US 11,934,458 B2
Binary code similarity detection system
Yuede Ji, Washington, DC (US); and Hao Howie Huang, McLean, VA (US)
Assigned to The George Washington University, Washington, DC (US)
Filed by The George Washington University, Washington, DC (US)
Filed on May 21, 2021, as Appl. No. 17/327,351.
Claims priority of provisional application 63/028,700, filed on May 22, 2020.
Prior Publication US 2022/0244953 A1, Aug. 4, 2022
Int. Cl. G06F 16/901 (2019.01); G06F 8/41 (2018.01); G06F 8/75 (2018.01); G06F 21/56 (2013.01); G06N 3/084 (2023.01)

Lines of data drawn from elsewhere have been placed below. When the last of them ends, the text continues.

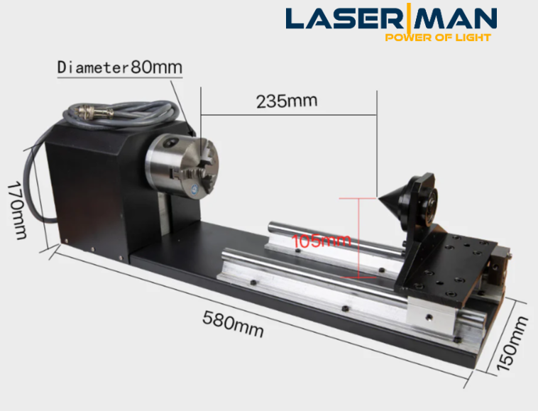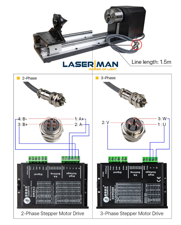 Rotary Axis được thiết kế chuyên dụng để khắc laser trên các sản phẩm trụ tròn, với chiều dài dây 1.5m, dễ dàng kết nối và vận hành ổn định.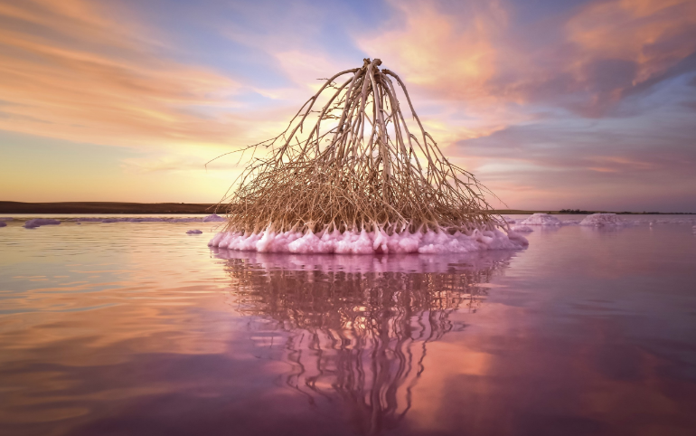 被誉为天空之境的Tyrrell湖,极其纯净如镜面一般,当太阳缓缓升起,湖水变成了粉红,当夜色临近,在星空下拍下剪影。由于是盐湖,水位总是有变化,一般7-10月是去此地最佳时间~
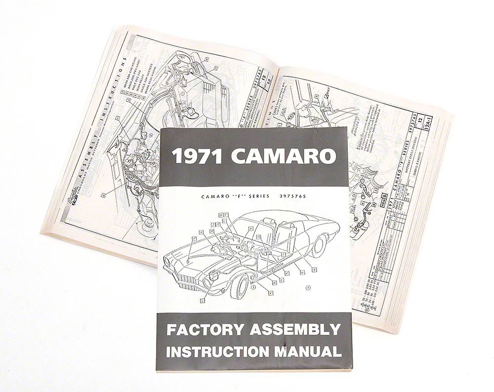 This 1971 original Camaro assembly manual includes hundreds of exploded diagrams and assembly instructions of all areas of your Camaro. Also includes original part numbers, torque specs, wiring diagrams and much more. This is the manual that Chevrolet assembly used to build your Camaro when it was born!

CPC G06F 16/9024 (2019.01) [G06F 8/41 (2013.01); G06F 8/751 (2013.01); G06F 21/563 (2013.01); G06N 3/084 (2013.01)] 18 Claims
OG exemplary drawing
 
1. A method for comparing a source code and a target binary code, wherein the source code cannot be directly compared to the target binary code, the method comprising:
identifying a target compiling configuration of the target binary code, the target compiling configuration indicating the compilation configuration for the target binary code, wherein identifying the target compiling configuration comprises:
generating an attributed function call graph of the target binary code and each of the binary codes in a training dataset, where the attributed function call graph represents a calling relationship between functions in the target binary code and the binary codes in the training dataset;
training a graph attention network on the attributed function call graph of the binary codes in the training dataset; and
identifying the target compiling configuration, by the graph attention network, based on the attributed function call graph of the target binary code;
generating a comparing binary for the source code, the comparing binary compiled from the source code using the target compiling configuration; and
comparing the target binary code to the generated comparing binary to determine a similarity between the source code and the target binary code.